10.- Installation according to claim 7, characterized in that said counting means comprise, in the vicinity of the conveyor, an ultrasound or microwave barrier, connected to said information processing unit and arranged transversely to the conveyor, the beam of said barrier being disposed in the plane of movement of the articles (P) so as to be interrupted by the articles (P) circulating on the conveyor.

11.- Installation according to claim 4, characterized in that said camera is a camera of the type Infrared and in that said image processing makes it possible to obtain a value representative of the temperature of the articles on the conveyor.

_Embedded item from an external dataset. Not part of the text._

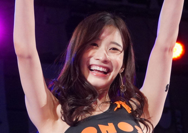 RISEガール高橋凛が、K-1の会場でRISEファイターを応援した

12.- Installation according to any one of the preceding claims, characterized in that said image processing means (24) comprise means for differentiating on said image the zones of the conveyor covered by an article (P) and zones of the conveyor left free, as well as means (24) for analyzing said differentiated zones on said image to determine a value representative of the quantity of articles (P) treated.

13.- Installation according to claim 12, characterized in that said means (24) for analyzing said differentiated zones comprise means (24) for establishing, over the entire extent of the image, a first histogram ( 52A) representative of the number of pixels corresponding to the zones of the conveyor covered by an article (P) for each line of the image in the direction (XX) of movement of the conveyor, means (24) of establishment, over the entire extent of the image, of a second histogram (54A) representative of the number of pixels corresponding to the areas of the conveyor covered by an article (P) for each line of the image in the direction perpendicular to the direction (YY) of movement of the conveyor and means (24) for comparing the peak values of the first and second histograms (52A, 54A) thus established with first and second threshold values (SI, S2) for determining the density of articles (P ) treated.